### EXERCISE DIRECTIONS
Set the material down again exactly, line by line, skipping each picture.

### DATA BLOCK

%%

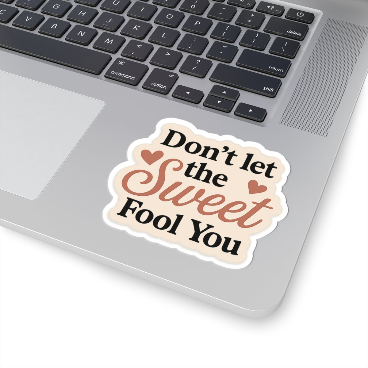 A glossy kiss-cut sticker that blends playful charm with quiet sass. Creamy beige background, soft terracotta script, and bold black type combine to form the phrase “Don’t let the Sweet Fool You,” framed with tiny heart accents. It sticks cleanly to laptops, journals, water bottles, and other smooth, flat surfaces to add personality and a wink of attitude to everyday gear. The finish gives a bright, slightly reflective look that keeps colors popping while resisting light scratches. Easy to apply without bubbles and available in transparent or white-backed options to suit your style.
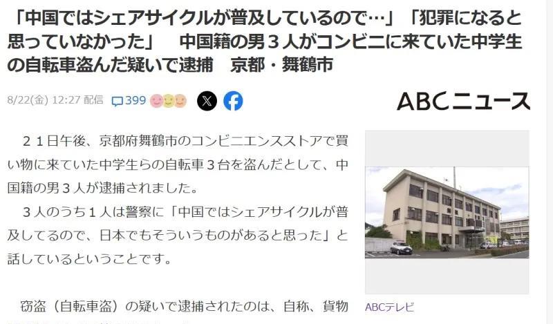 京都三名中国人骑走学生的自行车被捕 日本《ABC新闻》8月22日报道:8月21日下午2点50分左右,三名自称是船员的中国男子,在京都府舞鹤市一家便利店门口,骑走正在店内购物的三名初中生的三辆自行车而被捕。 被捕的三人自称是货船船员。 据警方称,三名男初中生将自己的自行车停在舞鹤市一家便利店门口后进店购物。其中一人的母亲联系派出所称“儿子的自行车被盗”,当警方在附近巡查时,在距离便利店2公里的街道上发现骑着自行车的三名中国人,随即逮捕了他们。
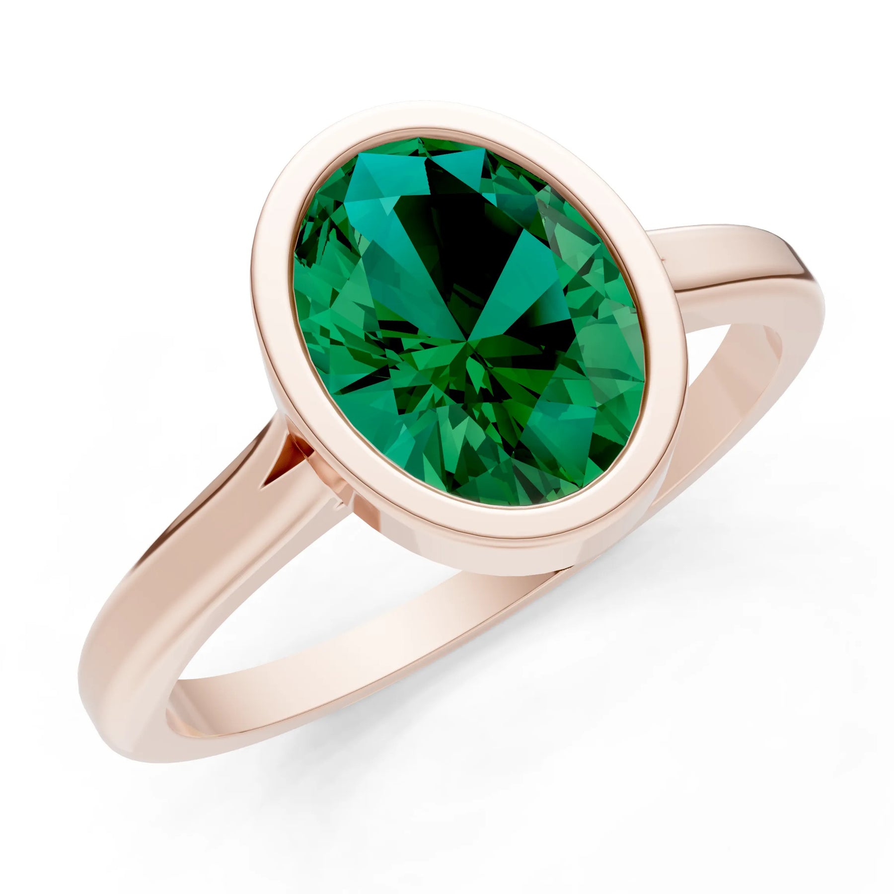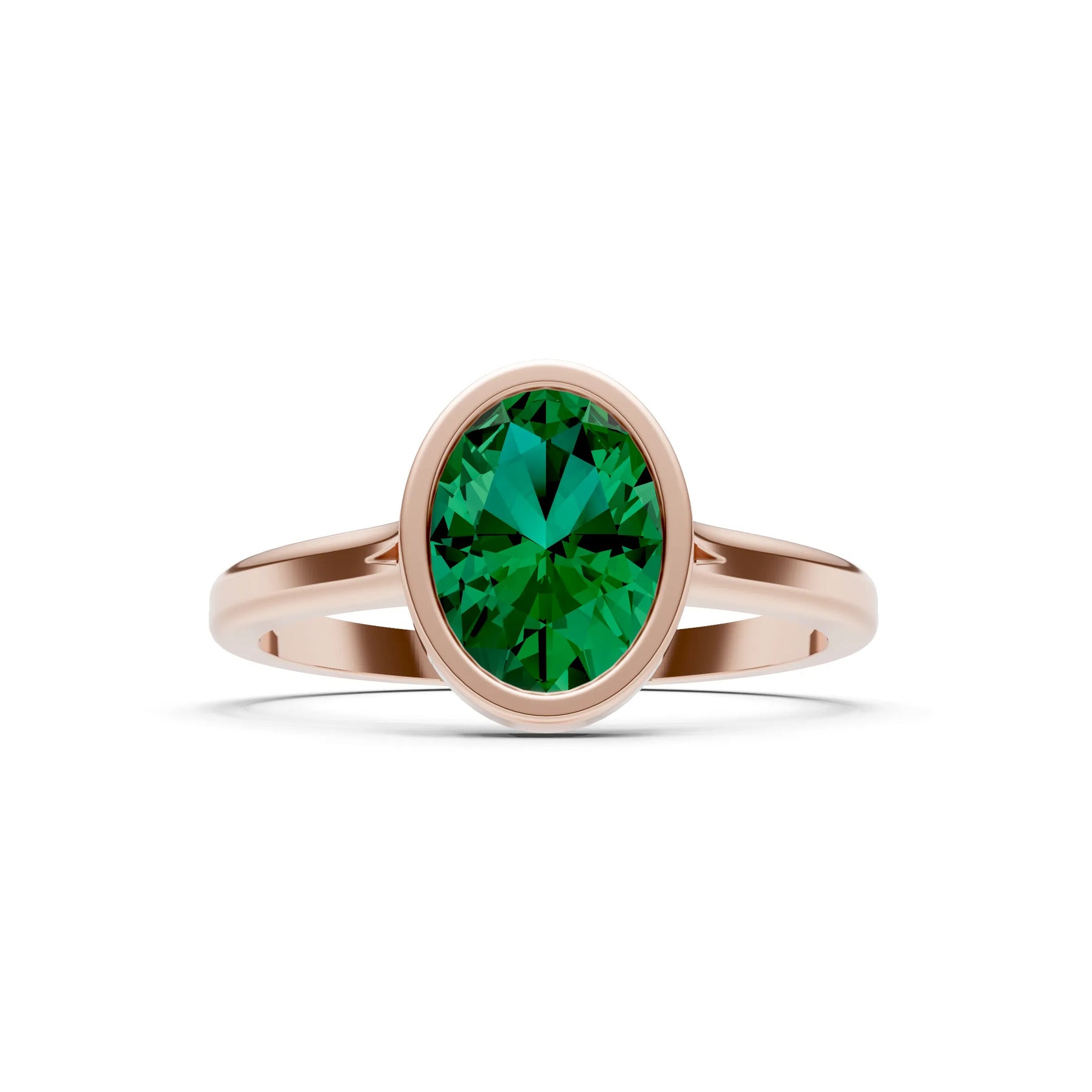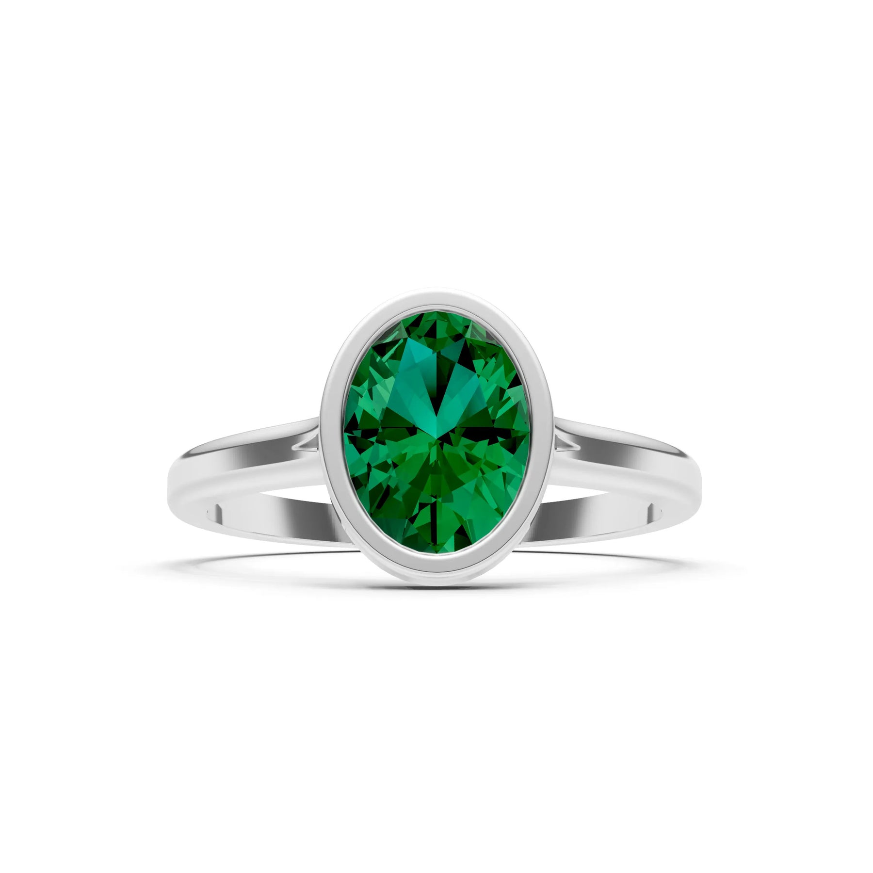 Emerald Oval Shape Bezel Set Solitaire Ring

%%

### ANSWER BOX
 A glossy kiss-cut sticker that blends playful charm with quiet sass. Creamy beige background, soft terracotta script, and bold black type combine to form the phrase “Don’t let the Sweet Fool You,” framed with tiny heart accents. It sticks cleanly to laptops, journals, water bottles, and other smooth, flat surfaces to add personality and a wink of attitude to everyday gear. The finish gives a bright, slightly reflective look that keeps colors popping while resisting light scratches. Easy to apply without bubbles and available in transparent or white-backed options to suit your style.
 京都三名中国人骑走学生的自行车被捕 日本《ABC新闻》8月22日报道:8月21日下午2点50分左右,三名自称是船员的中国男子,在京都府舞鹤市一家便利店门口,骑走正在店内购物的三名初中生的三辆自行车而被捕。 被捕的三人自称是货船船员。 据警方称,三名男初中生将自己的自行车停在舞鹤市一家便利店门口后进店购物。其中一人的母亲联系派出所称“儿子的自行车被盗”,当警方在附近巡查时,在距离便利店2公里的街道上发现骑着自行车的三名中国人,随即逮捕了他们。
 Emerald Oval Shape Bezel Set Solitaire Ring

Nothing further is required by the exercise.